Owner-employee fringe benefits and retirement plans

S-Corp shareholder-employees owning more than 2% of the company face special rules on fringe benefits. The most important:

  • Health insurance: Premiums paid by the S-Corp must be added to your W-2 Box 1 wages (not Boxes 3 or 5 — they’re not subject to FICA). You then deduct the premiums on Form 1040 as self-employed health insurance.
  • HSA contributions: Same treatment as health insurance — must be on W-2 Box 1, then deducted on Form 1040.
  • Solo 401(k): S-Corp owners contribute as both employee and employer. Employee contributions are limited to $23,500 in 2026 ($31,000 if age 50+). Employer contributions are 25% of W-2 wages (not K-1 income), capped at a combined $70,000 ($77,500 with catch-up).
  • SEP-IRA: S-Corp can contribute 25% of W-2 wages (not K-1), with the same $70,000 cap. Simpler than solo 401(k) but lower contribution potential.
  • Cell phone, vehicle use, education: Subject to “accountable plan” reimbursement rules — the S-Corp must reimburse you for actual documented business use, not just pay you a flat allowance.

Multi-shareholder S-Corp rules

S-Corps can have up to 100 shareholders, and only certain entities qualify:

  • U.S. individual citizens and resident aliens (NOT non-resident aliens)
  • Certain trusts (Qualified Subchapter S Trusts, Electing Small Business Trusts, grantor trusts)
  • Estates
  • Tax-exempt 501(c)(3) organizations
  • Other S-Corporations (with the QSub election)

Partnerships, corporations, multi-member LLCs, and non-resident aliens are not allowed as shareholders. Adding an ineligible owner — even briefly — terminates the S-Corp election automatically.

All shareholders must receive distributions in proportion to their ownership percentage. You can’t pay out unequal distributions without risking the election. If a 50/50 owner needs more cash, the path is to increase that person’s W-2 salary or take an equal distribution to both and have one re-loan it back.

State-by-state S-Corp considerations

Federal S-Corp election doesn’t automatically apply at the state level.
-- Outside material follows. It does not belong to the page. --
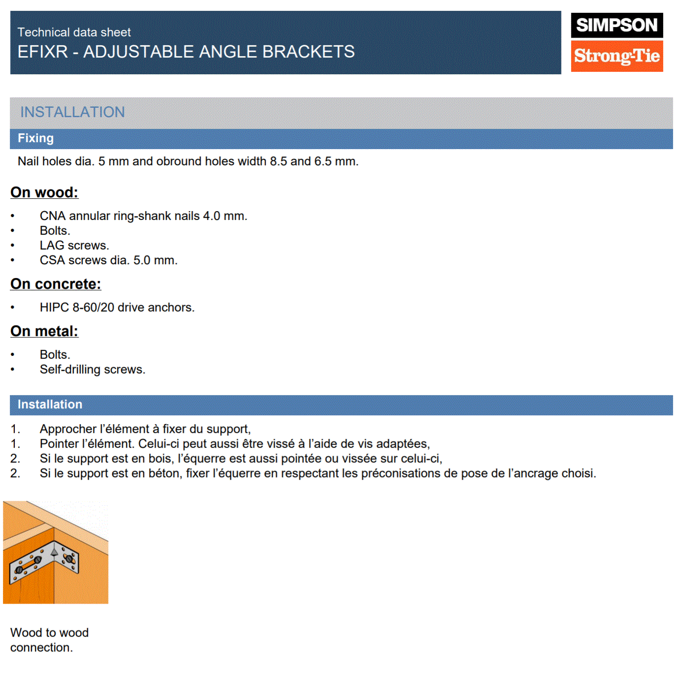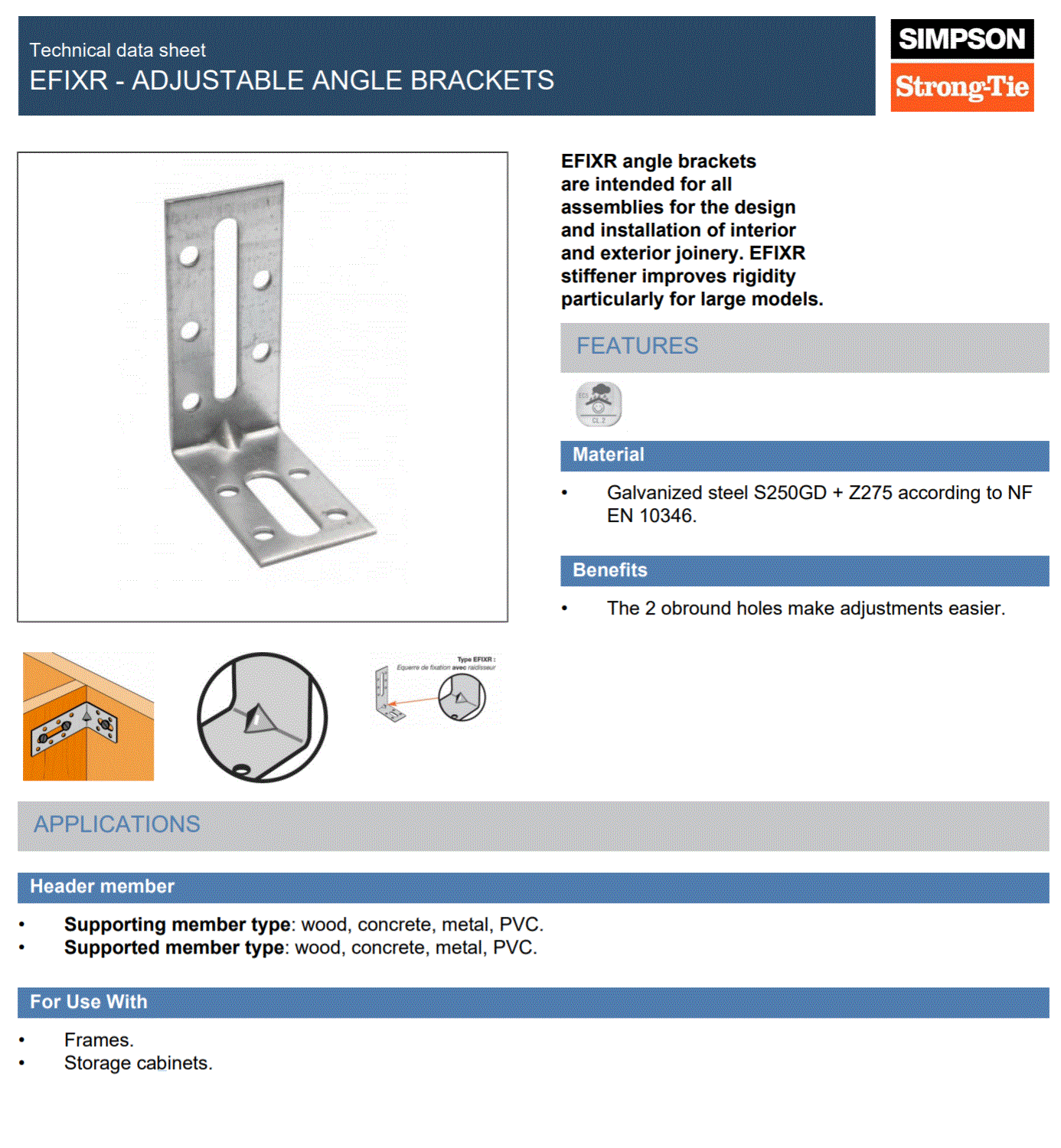 Ensure correct positioning and use of all required fasteners for structural integrity. Not intended for use in high-moisture or marine environments without additional protective treatment. Always install in accordance with applicable standards and building regulations.

Each state has its own rules:

  • States that follow the federal S-Corp election automatically: Most states (CA, IL, IN, MI, MO, OH, PA, TX, etc.)
  • States requiring a separate state-level S-Corp election: NY, NJ, AR, MA, WI, MS
  • States that don’t recognize S-Corp status at all: Louisiana (treats S-Corps as C-Corps for state tax), Tennessee (excise tax applies regardless), New Hampshire (Business Profits Tax)
  • States with S-Corp surtaxes: California (1.5% of net income + $800 minimum), New York City (8.85% on income), Illinois (1.5% replacement tax)
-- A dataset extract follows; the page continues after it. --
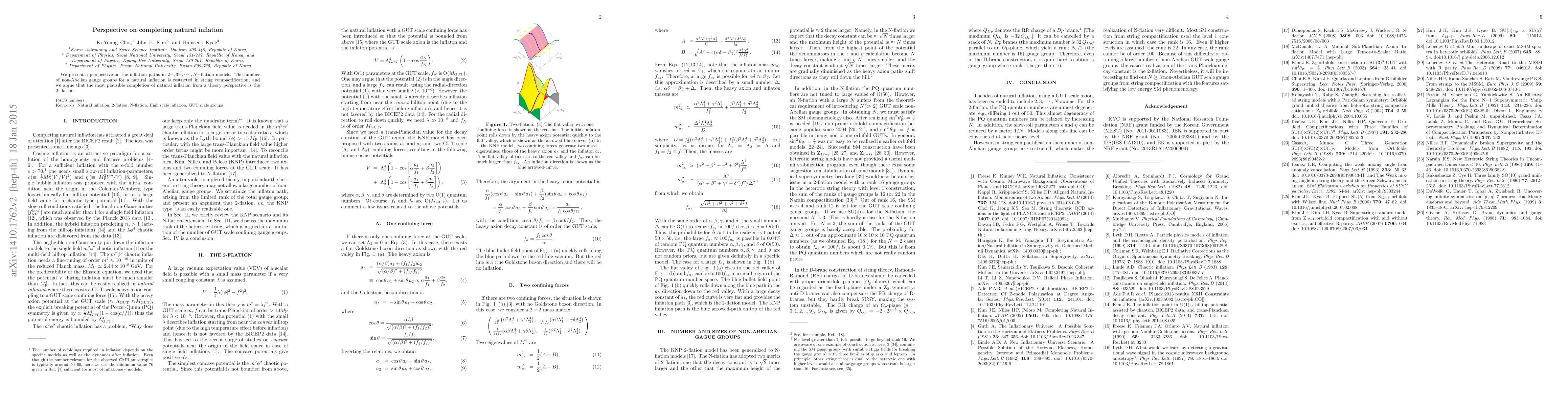 We present a perspective on the inflation paths in 2-, 3-,,, N-flation models based on the ultraviolet completion in heterotic string theory, where a number of grand unification scale axions are used. The number of non-Abelian gauge groups for a natural inflation is restricted in string compactification, and we argue that the most plausible completion of natural inflation from a theory perspective is the 2-flation.

For multi-state businesses, the S-Corp election impacts state tax liability differently in each state where you have nexus. Run state-specific projections before electing.
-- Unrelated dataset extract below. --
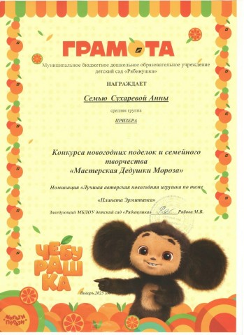 Грамота призера Конкурса новогодних поделок семейного творчества "Мастерская Дедушки Мороза". Номнация "Лучшая авторская новогодняя игрушка по тмем "Планета Эрмитажа", 2025г.

How to revoke an S-Corp election

If S-Corp status no longer makes sense, you can revoke the election by filing a written statement with the IRS Service Center where you file Form 1120-S. The statement must include:

  • The corporate name, EIN, and address
  • A clear statement that the corporation is revoking its S election under IRC §1362(d)(1)
  • The effective date of the revocation
  • The number of shares of stock outstanding
  • Consent statements from shareholders owning more than 50% of the stock

To take effect for the current tax year, file by the 15th day of the 3rd month of the tax year (March 15 for calendar-year filers). After revoking, you generally cannot re-elect S-Corp status for 5 years without IRS consent.